One common limitation has been the dryer door opening at right angles into the room, preventing the use of an isolator in front of the door during product off-loading and dispensing. Innovative door designs now allow sideways movement of the door, keeping isolator depth (front to back) to 550 mm maximum and allowing ergonomic access to all surfaces.

Traditionally, cleanroom design has been favoured in drying operations as it allows access for maintenance, cleaning and the ability to process non-hazardous batches without the restrictions of isolators. These issues have been resolved, however, by the introduction of mobile isolators with an integral inflatable seal at the rear of the isolator, providing a gas tight seal with a relevant wall flange surrounding the static freeze-drier door housing. With this design, Class 10,000 can be achieved along with OELs of below 1 microgramme/m3.
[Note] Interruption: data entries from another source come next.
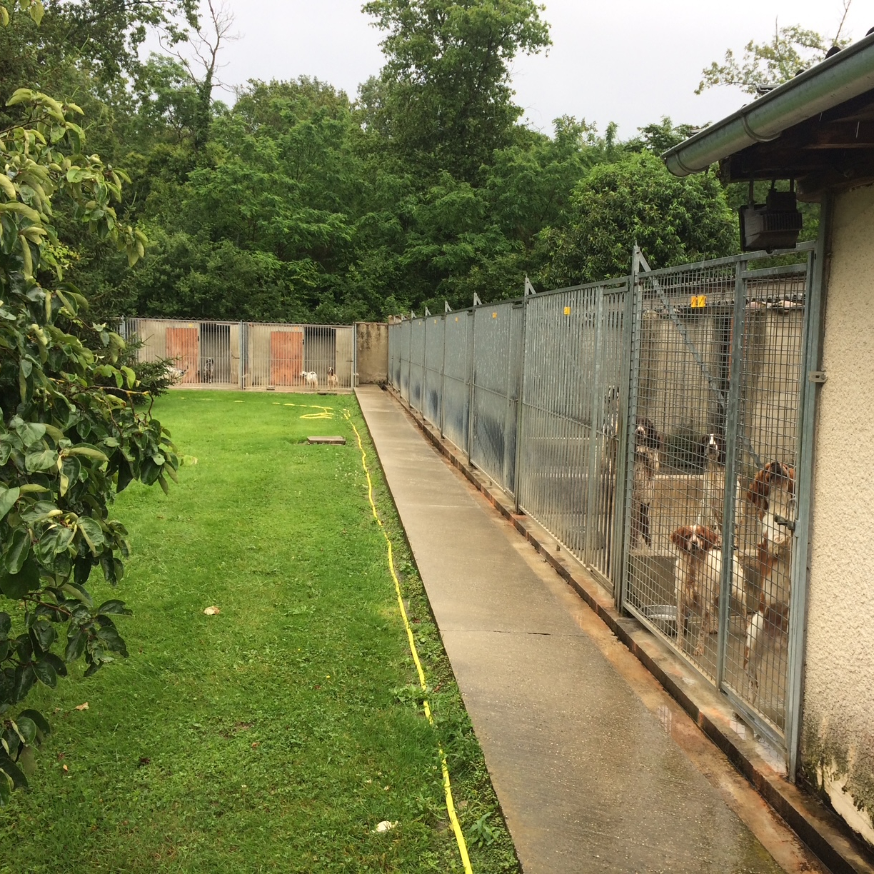 La pension canine, cadre calme et ombragé, box individuel chauffé si besoin, avec parc de détente et assistance vétérinaire.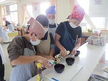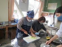 ゆであがった野菜は、ボールの中の水に浸して素早く冷やします。こうすると、野菜の色も鮮やかなまま、歯ごたえも残るということでした。5年生のみんなは、野菜をゆでたり、包丁で野菜を切ったりすることが非常に手慣れた様子でした。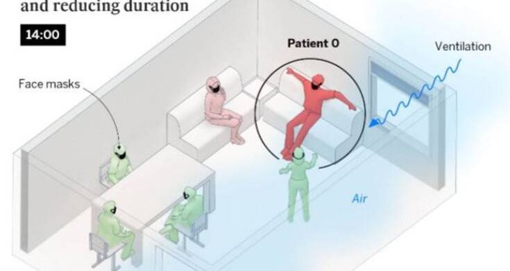 Ανεξάρτητα από το εάν τηρούνται ασφαλείς αποστάσεις, εάν τα έξι άτομα περάσουν τέσσερις ώρες μαζί μιλώντας δυνατά, χωρίς να φορούν μάσκα σε ένα δωμάτιο χωρίς εξαερισμό, πέντε θα μολυνθούν.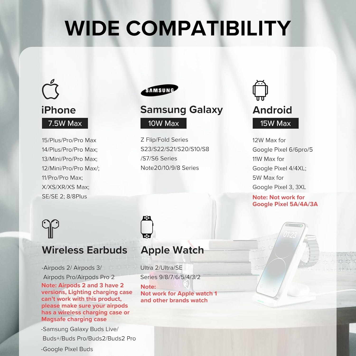 SAFETY & EFFICIENCY: Aukuse 3 in 1 wireless charging stand is designed with comprehensive protection; it provides over-charge, over-current, over-voltage and foreign object detection protection to ensure safe and harmless charging. With up to 15W power and excellent cooling system, it can improve charging efficiency, making your cell phone charge faster than the average 5W wall charger.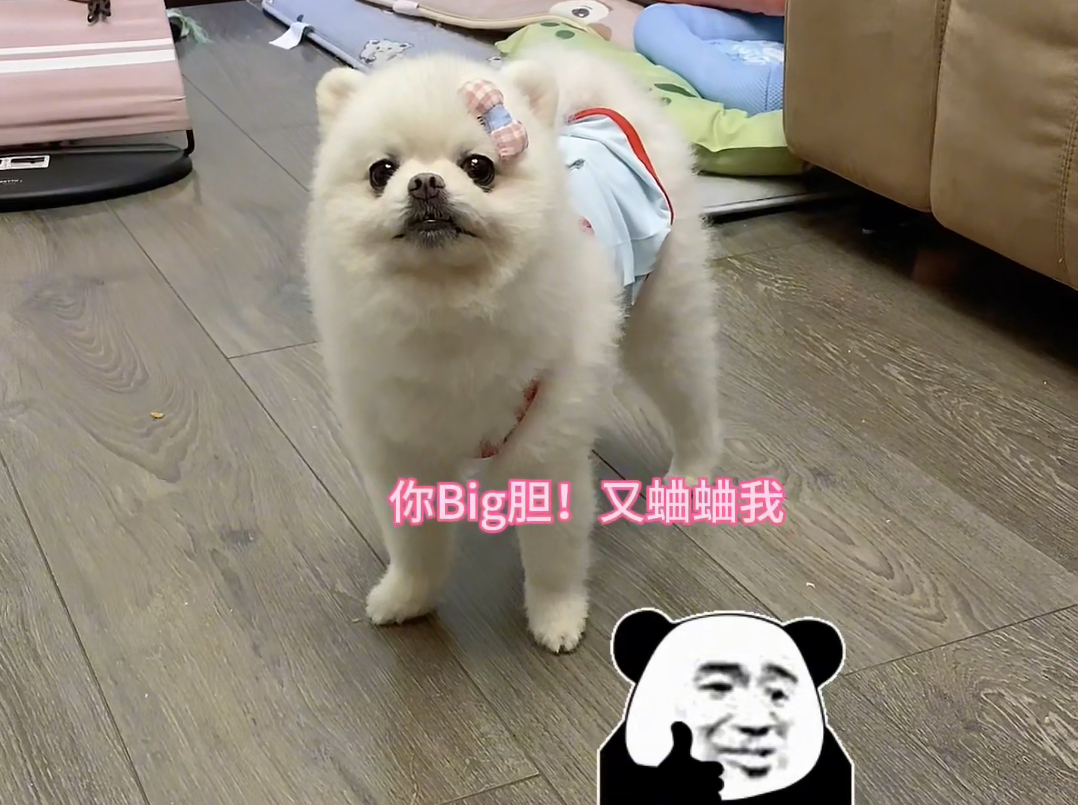عندما رآني ألتقط له صورة بهاتفي، اختبأ بخجل. (كلب صيد أصفر من مواليد قوانغشي، ذو وجه أبيض)

This mobile design allows the dryer to be used with or without containment making operations easier and fit for purpose. In some sites, several dryers can be installed but with only one shared mobile isolator that fits all dryers, improving production flexibility and asset utilisation. The detachable isolator can accommodate features such as weigh scales, airlocks for contained introduction of feed materials or trays, sampling, discharge of dried product with either split valves or continuous liners or drum filling and drum weighing capabilities. The concept is that the full drying operation can be carried out under contained conditions.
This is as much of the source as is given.